Member of the Nebraska Legislature from the 8th district
- In office January 4, 1989 – January 9, 1991
- Preceded by: Vard Johnson
- Succeeded by: Eric J. Will

Personal details
- Born: November 14, 1937 Omaha, Nebraska
- Died: December 26, 2013 (aged 76) Chattanooga, Tennessee
- Party: Republican
- Spouse: Bill D. Beck ​(m. 1956)​
- Children: 4 (Clayton, Curtis, Clint, Christine)
- Education: Peru State College Doane College (B.A.) Chadron State College (M.S.)
- Occupation: Teacher

= Sharon Beck (Nebraska politician) =

American politician (1937–2013)

Sharon Kay Reagan Beck (November 14, 1937 – December 26, 2013) was a Republican politician from Nebraska who served as a member of the Nebraska Legislature from the 8th district from 1989 to 1991.

==Early career==
Sharon Reagan was born in Omaha, Nebraska, in 1937, and graduated from Bratton Union Rural Consolidated High School in 1955. She later attended Peru State College from 1955 to 1957, and graduated from Doane College with her bachelor's degree in 1962. She married Bill Beck in 1956, and had four children, later returning to school and graduating from Chadron State College with her master's degree in 1980. Beck worked as a teacher, and taught English and literature at Midwestern Baptist Academy. She was active in the local Republican Party, serving as a member of the Douglas County Republican Party Central Committee, and was a pro-life activist.

==Nebraska Legislature==
In 1986, Beck ran for the Nebraska Legislature against State Senator Vard Johnson, a Democrat, who represented the Omaha-based 8th district. She was joined in the primary by attorney Horace Reynolds IV and railroad administrator George Davis. Beck argued that Johnson had an "inconsistent approach" in the legislature, and attacked him for proposing a sales tax on utility services. Johnson narrowly placed first in the primary, winning 40 percent of the vote to Beck's 39 percent, and they both advanced to the general election.

In the general election, Beck campaigned as a social conservative and a supporter of the death penalty, noting, "The unborn has no judge, no jury, no appeal[.]" Johnson raised the most money out of any legislative candidate statewide, and significantly outraised and outspent Beck. In the final days of the campaign, U.S. Senator Edward Zorinsky, a conservative Democrat, said that he "would vote for" Beck "if [he] lived in that district." Ultimately, Johnson narrowly defeated Beck, winning re-election with 52 percent of the vote.

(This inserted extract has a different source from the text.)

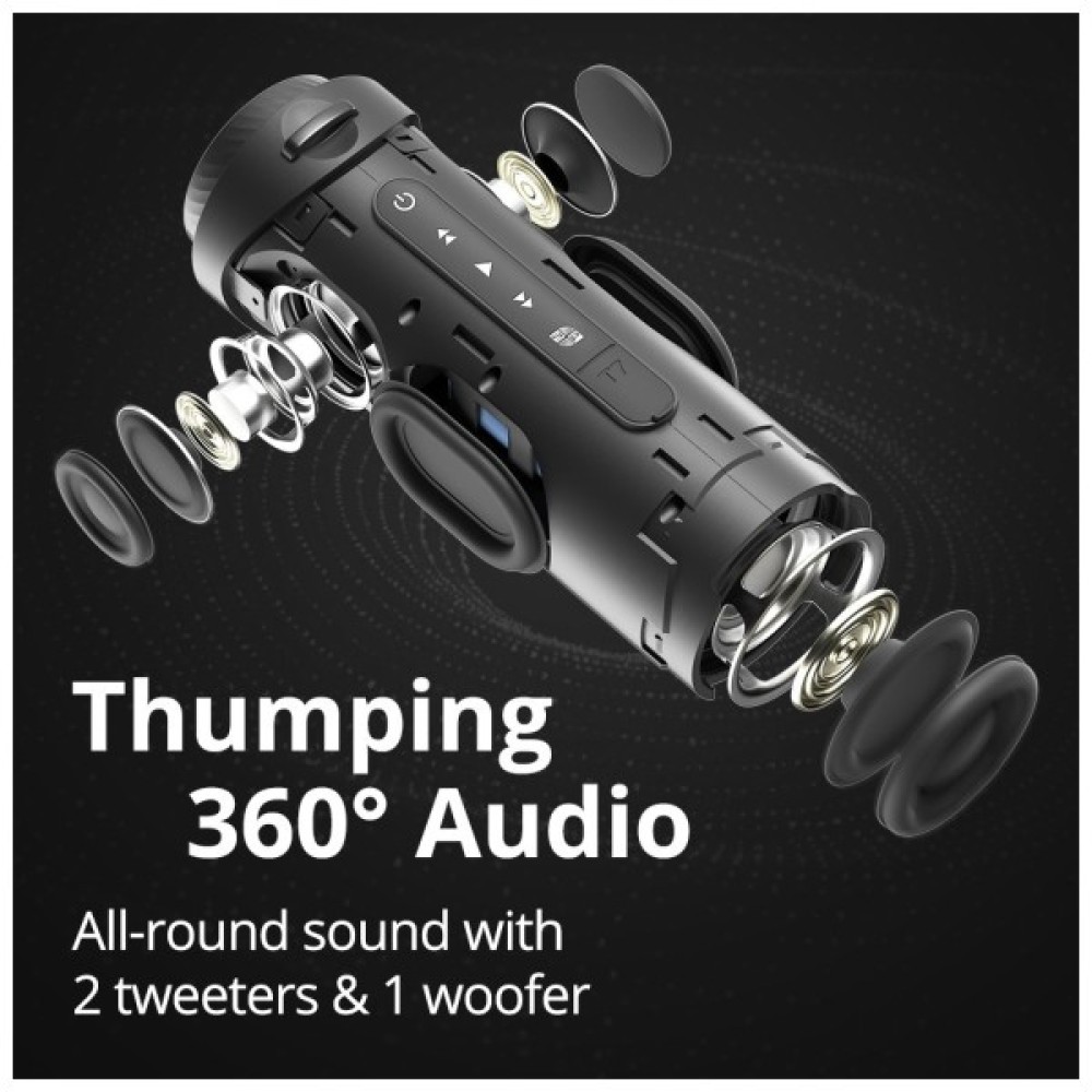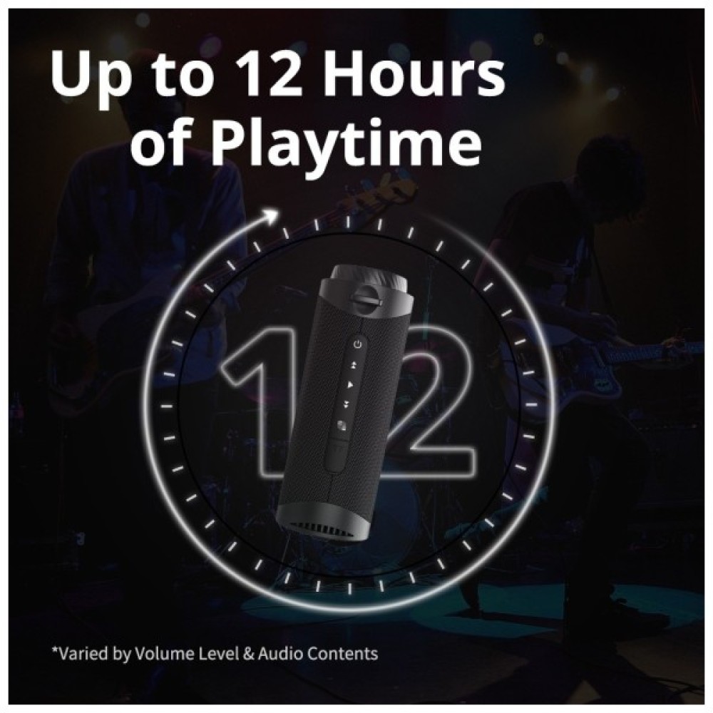 Корпус колонки виготовлений з міцного пластику та гумових елементів, що підвищує її стійкість до механічних пошкоджень та запобігає ковзанню. Крім того, інтегрований акумулятор гарантує тривалий час роботи, що цінується під час подорожей чи пікніків, коли доступ до розеток може бути обмеженим.

In 1988, Johnson announced that he would resign from his seat in the legislature, effective 1989. Governor Kay Orr appointed Beck as Johnson's successor, and she was sworn in on January 4, 1989.

Beck ran for re-election in 1990, and was challenged by Eric J. Will, a former legislative aide to Johnson. In the primary election, Beck placed first over Will by a wide margin, winning 59–41 percent, and they both advanced to the general election. The candidates' positions on abortion was a defining issue of the campaign; Beck was endorsed by the Nebraska Coalition for Life, while Will ran on his support for abortion rights. Beck was narrowly defeated by Will, receiving 47 percent to his 53 percent.

==Death==
Beck died on December 26, 2013, in Chattanooga, Tennessee.